A primary focus of the trainings is a novel system in which the total score on the SRA-FV is used to select one Static-99R “reference group” among three available options. The developer describes the statistical modeling underlying this procedure, which he claims increases predictive validity and power over using the Static-99R alone. However, reliability data is not offered to support this claim. In the December 2010 training, several colleagues and I asked for the inter-rater agreement rate but Dr. Thornton refused to provide it.

I was astounded but not surprised when some government evaluators in California started to apply the SRA-FV in sexually violent predator risk assessments within 30 days after the December 2010 training. This trend blossomed in other jurisdictions with sexually violent predator civil confinement laws. Typically, government evaluators applied the SRA-FV to select Static-99R reference groups, invariably choosing to compare offenders with the “High Risk High Needs” sample with the highest re-offense rates. A minority of clinicians stated in reports and court testimony that the SRA-FV increased predictive accuracy over the Static-99R alone but they were unable to quantify this effect. The same clinicians have argued that the pending publication of the Thornton and Knight study was sufficient to justify its use in civil confinement risk assessments for sexually violent predators. They appeared to imply that the mere fact that a construction and validation study had been accepted for publication was an imprimatur that the instrument was reliable and valid for its intended purposes. Now that the research has been peer-reviewed and published, the results reflect that these government evaluators apparently put the proverbial cart before the horse.

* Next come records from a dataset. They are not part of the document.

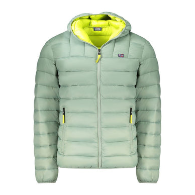 Elevate your outerwear game with this sleek, long-sleeved jacket from Norway 1963, featuring a snug hood and contrasting yellow accents that add a pop of color to the utilitarian green. Crafted with high-quality polyamide, it promises durability and comfort, making it the perfect blend of fashion meets function for the modern man. Complete with two external pockets and a crisp zip closure, this piece is adorned with a bold applique logo for that signature touch of luxury.
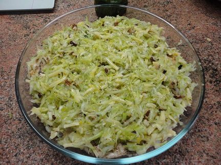 Включить духовку для разогрева до 180-200 градусов. Цукини слегка отжать и смешать с цедрой, сыром, орехами и листиками тимьяна. Приправить черным перцем и перемешать. Переложить мясо в жаропрочную форму, на него выложить смесь из цукини. Сбрызнуть оставшимся оливковым маслом и запекать в духовке 20-30 минут.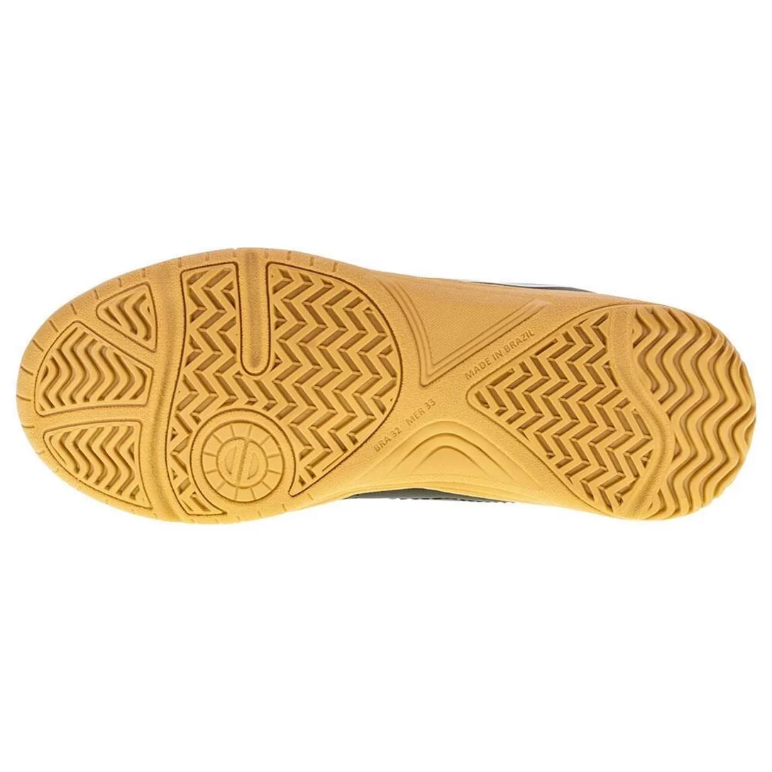 A Chuteira Infantil Indoor Spedy Dray é confeccionada em PVC laminado de alta qualidade com acabamento em costura, fechamento por cadarço de amarração, forro interno em têxtil, palmilha em EVA e solado em borracha antiderrapante.

David Thornton and Raymond Knight penned an article that documents the construction and validation of the SRA-FV. The publication is a step in the right direction, but by no means do the results justify widespread application of the SRA-FV in sexual offender risk assessment in general or sexually violent predator proceedings in particular. Rather, the results of the study only apply to the group upon which the research was conducted and do not generalize to other groups of sexual offenders. Before discussing the limitations of the research, I would like to point out some encouraging results.

The SRA-FV did, as its developer claimed, account for more sources of sexual recidivism risk than the Static-99R alone. However, it remains unknown which of the SRA-FV’s ten items contribute to risk prediction. The study also found that the combination of the Static-99R and SRA-FV increased predictive power. This improved predictive accuracy, however, must be replicated to determine whether the combination of the two instruments will perform similarly in other groups of sexual offenders. This is especially important when considering that the SRA-FV was constructed and validated on individuals from the Bridgewater sample from Massachusetts who are not representative of contemporary groups of sexual offenders. Thornton and Knight concede this point when discussing how the management of sexual offenders through all levels of the criminal justice system in Massachusetts between 1959 and 1984 was remarkably lenient compared to contemporary times. Such historical artifacts likely compromise any reliable generalization from patients at Bridgewater to present-day sexual offenders.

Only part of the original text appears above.